100 Web Application Defense Techniques from the ‘Web Application Defender’s Cookbook’

This article introduces the book Web Application Defender's Cookbook , a practical guide for using ModSecurity to protect web applications. Although the book targets ModSecurity, the 100 techniques it describes are valuable for any web security professional.

Techniques 1‑10 cover real‑time HTTP request feature analysis, hash‑token validation, installing OWASP ModSecurity CRS, converting Snort rules to ModSecurity, applying Bayesian classification, and configuring detailed HTTP audit logs (full, partial, or static‑resource‑excluded). They also discuss redacting sensitive data in logs and forwarding server warnings to a central SIEM.

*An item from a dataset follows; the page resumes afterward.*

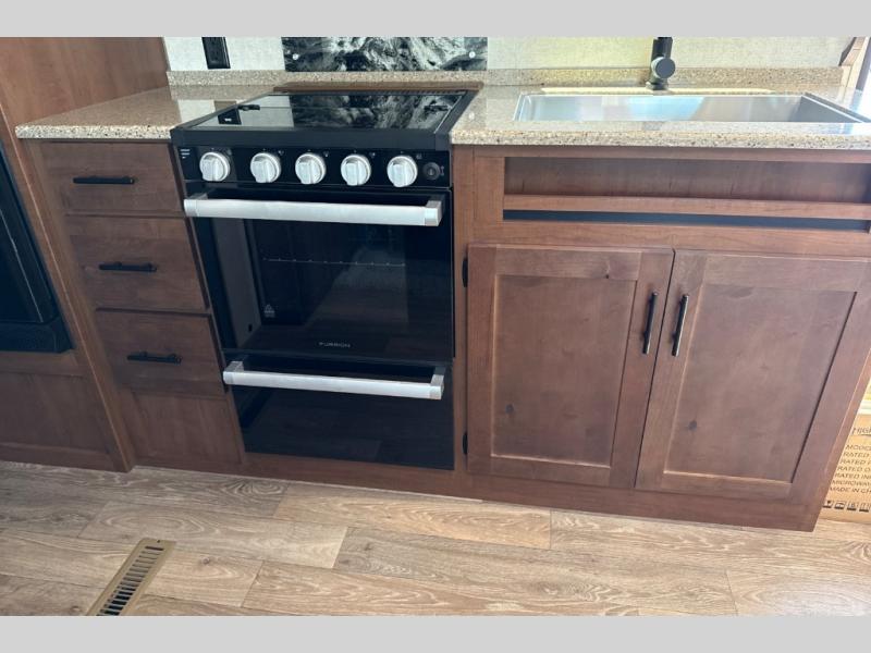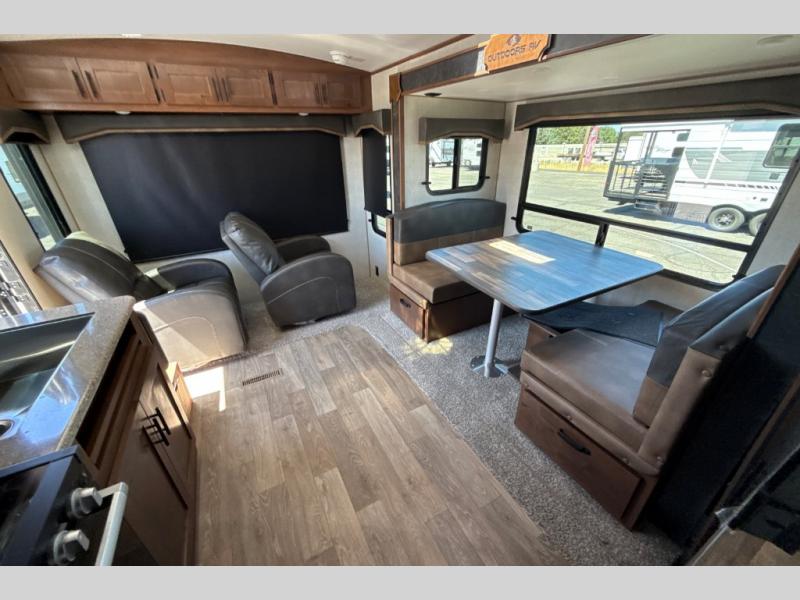 With any Timber Ridge Mountain Series travel trailer by Outdoors RV you will enjoy climate designed four seasons camping thanks to the thermal pane windows and the fully enclosed, heated, and insulated underbelly. The custom built chassis and rugged integrated A-frame are built for strength and durability, along with the rugged 2" bonded aluminum frame walls. Each model includes LG solid surface countertops, granite designed backsplash, vaulted radius ceilings, and a mountain comfort premium mattress for all-around comfort. You will also love the XL panoramic slide out windows and the dual pane living room skylight with a shade to let natural light in!

Techniques 11‑20 introduce tools such as AuditConsole, passive vulnerability identification via OSVDB, active scanning with Arachni (including manual and automated rule generation), real‑time scanner invocation, and various honeypot strategies (fake ports, robots.txt, 401 responses, HTML comments, hidden form fields, and fake cookies).

Techniques 21‑30 focus on IP reputation services (MaxMind, RBL, custom RBL, URIBL), selective request‑body parsing, protocol‑compliance checks, Unicode normalization, multi‑encoding detection, and abnormal HTTP method whitelisting.

Techniques 31‑40 address RFC‑compliant URI validation, header anomalies, parameter‑based attacks (extra, missing, duplicate, length, type), and response‑header hygiene (removing server signatures, limiting 5xx ratios, preventing malicious redirects).

Techniques 41‑50 discuss selective response‑body parsing, detecting page‑tampering (title changes, size anomalies, injected scripts such as <script>alert(document.cookie);</script> ), source‑code leaks (e.g., CVE‑201201823), information leakage, abnormal response times (e.g., time‑based SQL injection), and identifying webshell or backdoor connection attempts.

Techniques 51‑60 cover login‑related monitoring: common‑account brute‑force, credential‑spraying, failed and high‑frequency attempts, uniform failure messages, password‑complexity enforcement, session‑based anomaly detection, and suspicious cookie values.

Techniques 61‑70 include GEO‑IP changes, fingerprint shifts, non‑ASCII characters, directory traversal, abnormal resource access, SQL‑injection defenses (keyword filtering, semantic analysis, Bayesian classification), remote file inclusion detection, OS command execution checks, HTTP request smuggling, response splitting, and XML attacks.

Techniques 71‑80 present CSP policies, XSS mitigation (keyword filters, X‑XSS‑PROTECTION, sandbox), CSRF token validation, clickjacking defenses (X‑Frame‑Options, frame‑busting JavaScript), MITM protection via response‑body MD5, upload size/quantity limits, virus scanning with ClamAV, and HTTP DDoS detection (including tools like LOIC, HOIC, slowloris).

Techniques 81‑90 describe slow‑loris detection, CSRF timing analysis, request‑order anomalies, graph‑based anomaly detection, resource‑specific traffic spikes, collaborative rule scoring, dynamic WAF audit activation, email alerts, sharing WAF events via request headers, custom block pages, and cutting off attacker connections.

Techniques 91‑100 involve IP‑blacklist blocking, GEO‑based tiered defense, response‑time throttling, deceptive success pages, honeypot redirection, forced logout on session anomalies, temporary account lockout, JavaScript‑injected cookies for traffic mitigation, CAPTCHA challenges for bots, and integrating the BeFF framework for malicious request analysis.

The article concludes that web security is an integrated, multi‑layered discipline requiring coordinated use of firewalls, IDS/IPS, vulnerability databases, honeypots, scanners, and analytics, and that combining imperfect defenses often yields a stronger overall posture.